### STORED DATA
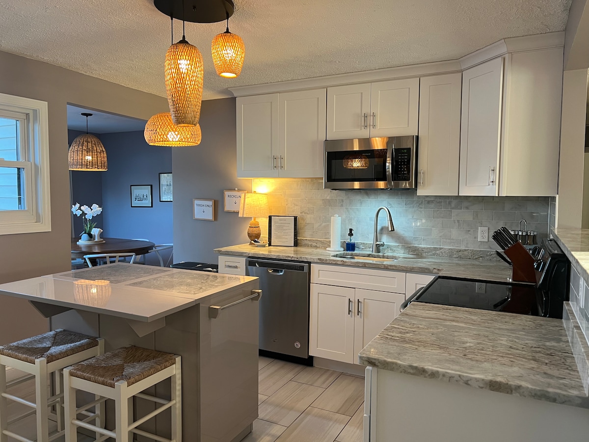 Ein schönes Haus auf der malerischen Mason's Island. Das Haus liegt nur wenige Fahrminuten von der historischen Innenstadt von Mystic entfernt. Verbringe deine Tage damit, die Stadt zu erkunden, bevor du am Ende einer ruhigen Sackgasse in deine Oase zurückkehrst. Das Haus mit 3 Schlafzimmern und 3 Bädern bietet viel Platz für dich, deine Familie und Freunde und verfügt über einen großen Garten mit Terrasse, Grill, Außenbereich und Esstisch, perfekt für Sommertage und -nächte. Unser Zuhause ist der ideale Ausgangspunkt nach Tagen am Strand, auf dem Wasser oder bei der Erkundung von Mystic.
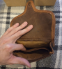 Biete hier eine kleine Pulvertasche aus echtem Leder an, diese kann am Gürtel befestigt werden. Die Tasche hat zwei Fächer innen. Die Tasche ist kaum gebraucht und weist keine großen Gebrauchsspuren auf.
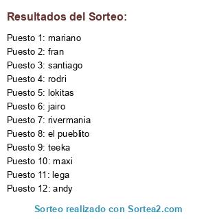 Lista de participantes: andy, lokitas, mariano, el pueblito, rodri, santiago, teeka, lega, fran, jairo, , .
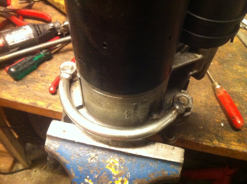 Blivit rätt trött på att ta ner lådan nu, så trött att jag tillverkade denna pryl för att slippa plocka ner insuget för att lossa muttrarna på startmotorn. Nu behöver jag bara lossa bakre bärarmsbussning och se till så skruvarna tar gäng sen kan man dra åt allt från lådan..
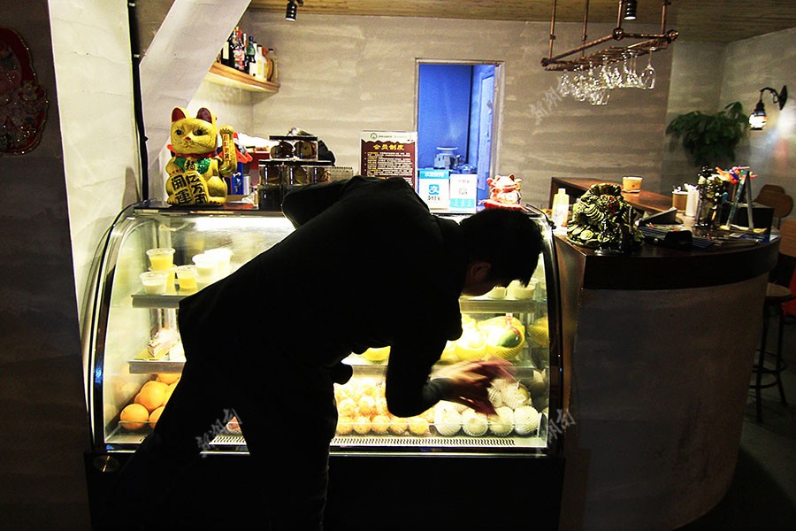 1月5日晚7点,黄海正在擦拭着水果柜的玻璃窗,为了保证饮料的质量和口感,冷柜里的水果经常会更新,他是店主,店里雇了在校大学生兼职,不过晚上顾客多的时候还得四个人一起忙碌。
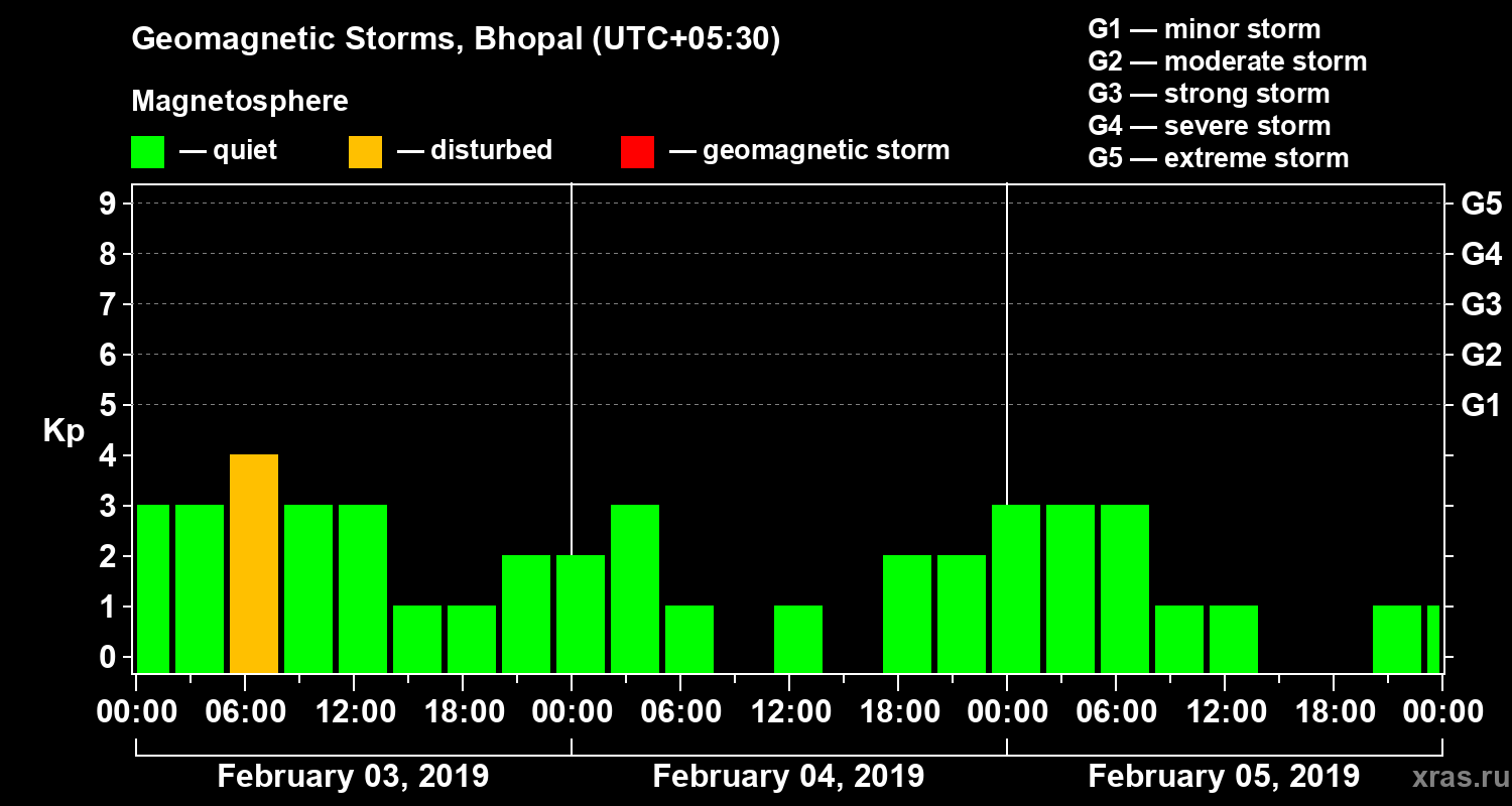 Geomagnetic storms in Bhopal on Feb 05, 2019
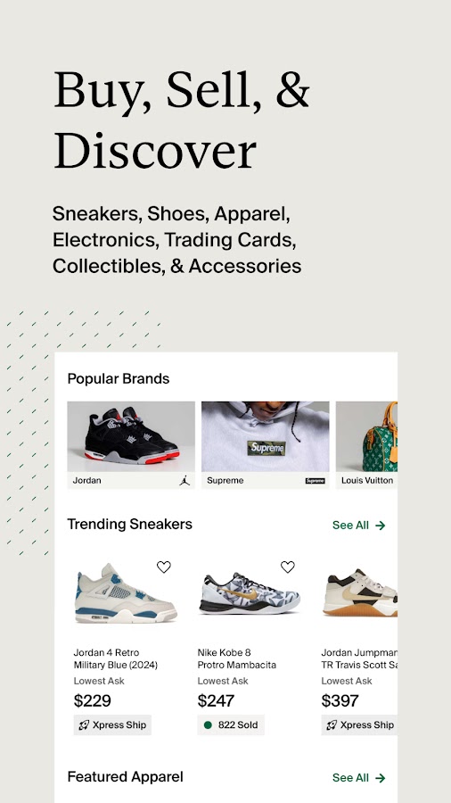 Каждый товар проходит проверку специалистами. Приложение популярно среди коллекционеров и людей, которые хотят купить Yeezy, Jordan, Supreme и другие культовые вещи без страха нарваться на подделку.
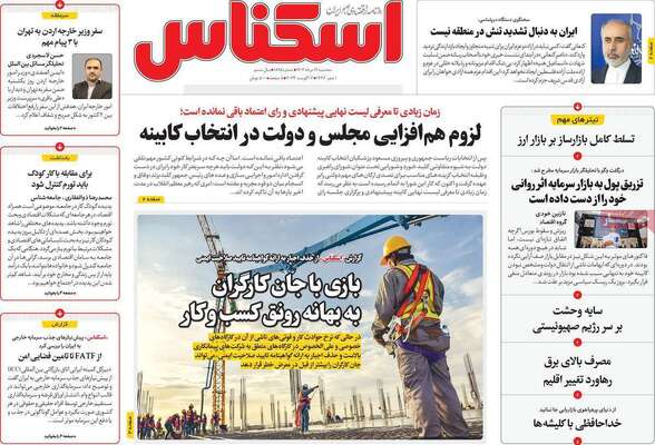 صفحه نخست روزنامههای یکشنبه ۱۸ آبان ۱۴۰۴
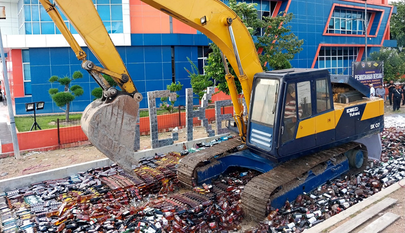 Pemusnahan digelar di halaman belakang Kanwil DJBC Khusus Kepri di Meral, Kabupaten Karimun dengan cara digilas menggunakan alat berat.
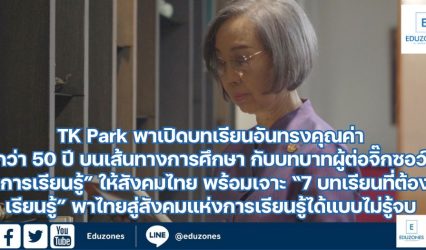 นักเรียน TK Park พาเปิดบทเรียนอันทรงคุณค่า จาก “คุณหญิงกษมา” กว่า 50 ปี บนเส้นทางการศึกษา กับบทบาทผู้ต่อจิ๊กซอว์ “การเรียนรู้” ให้สังคมไทย พร้อมเจาะ “7 บทเรียนที่ต้องเรียนรู้” พาไทยสู่สังคมแห่งการเรียนรู้ได้แบบไม่รู้จบ EZ Webmaster June 13, 2025 หากย้อนกลับไปเมื่อหลายสิบปีก่อน ภาพจำของห้องสมุดในสายตาคนไทยมักเป็นพื้นที่เคร่งขรึม คร่ำเคร่ง และเป็นทางการ กระทั่งในปี 2548 การก่อตั้ง สถาบันอุทยานการเรียนรู้ TK Park ได้กลายเป็นจุดเปลี่ยนสำคัญ ด้วยแนวคิด “ห้องสมุดมีชีวิต” ที่เปลี่ยนห้องสมุดให้เป็นพื้นที่แห่งการเรียนรู้ที่สนุก สร้างสรรค์ และมีชีวิตชีวา ทั้งยังจุดประกายให้สังคมไทยเริ่มมองการเรียนรู้นอกห้องเรียนอย่างจริงจัง …
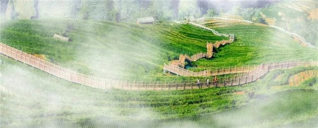 走在梯田间的栈道上,欣赏梯田层层叠叠的翠绿美景,空气清新,一股股清爽的气息从田间散发出来,放眼望去,一大片绿色映入眼帘,让人心旷神怡。
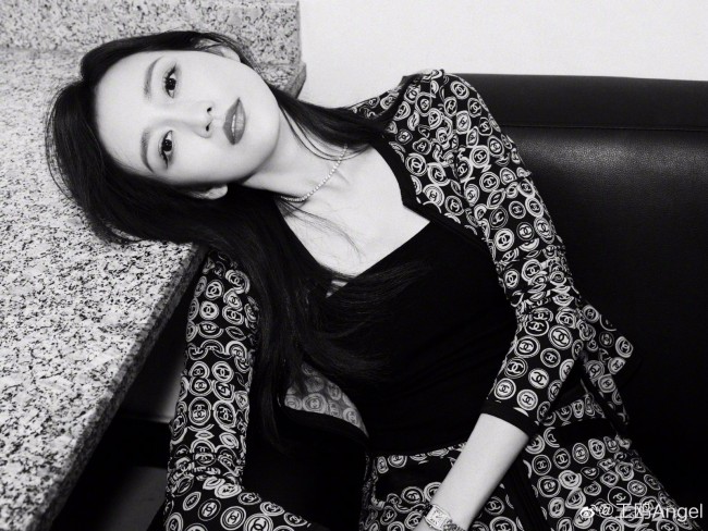 王鸥晒黑白风写真 穿套装戴黑超气场全开
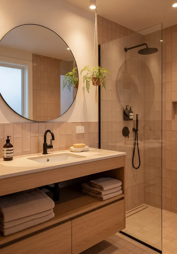 A Soft Clay Bathroom captures the essence of earthy tranquility and understated luxury. Use clay or sand-colored tiles to create a spa-like foundation, pairing them with wooden vanities and matte black fixtures for grounded contrast. The warm, natural tones instantly calm the senses, transforming daily routines into quiet rituals of wellness.
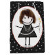 Jolie figurine en bâton avec cheveux, baskets, robe pois de pois, et bouquet de marguerite sur motif pois noir et blanc. Peut être utilisé pour un anniversaire.
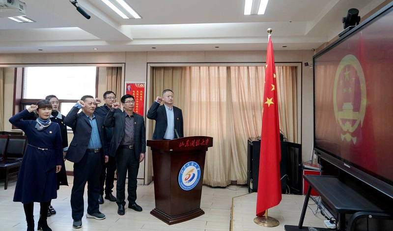 2月26日,學校舉行監察官憲法宣誓儀式,學校黨委委員、紀委書記、派駐監察專員、二級高級監察官譚征主持宣誓儀式并領誓。

### WHAT IS NEEDED
Starting with the line containing "A Soft Clay" and ending with the last line of the records above, write out each line exactly; no pictures.

### EXERCISE ANSWER
 A Soft Clay Bathroom captures the essence of earthy tranquility and understated luxury. Use clay or sand-colored tiles to create a spa-like foundation, pairing them with wooden vanities and matte black fixtures for grounded contrast. The warm, natural tones instantly calm the senses, transforming daily routines into quiet rituals of wellness.
 Jolie figurine en bâton avec cheveux, baskets, robe pois de pois, et bouquet de marguerite sur motif pois noir et blanc. Peut être utilisé pour un anniversaire.
 2月26日,學校舉行監察官憲法宣誓儀式,學校黨委委員、紀委書記、派駐監察專員、二級高級監察官譚征主持宣誓儀式并領誓。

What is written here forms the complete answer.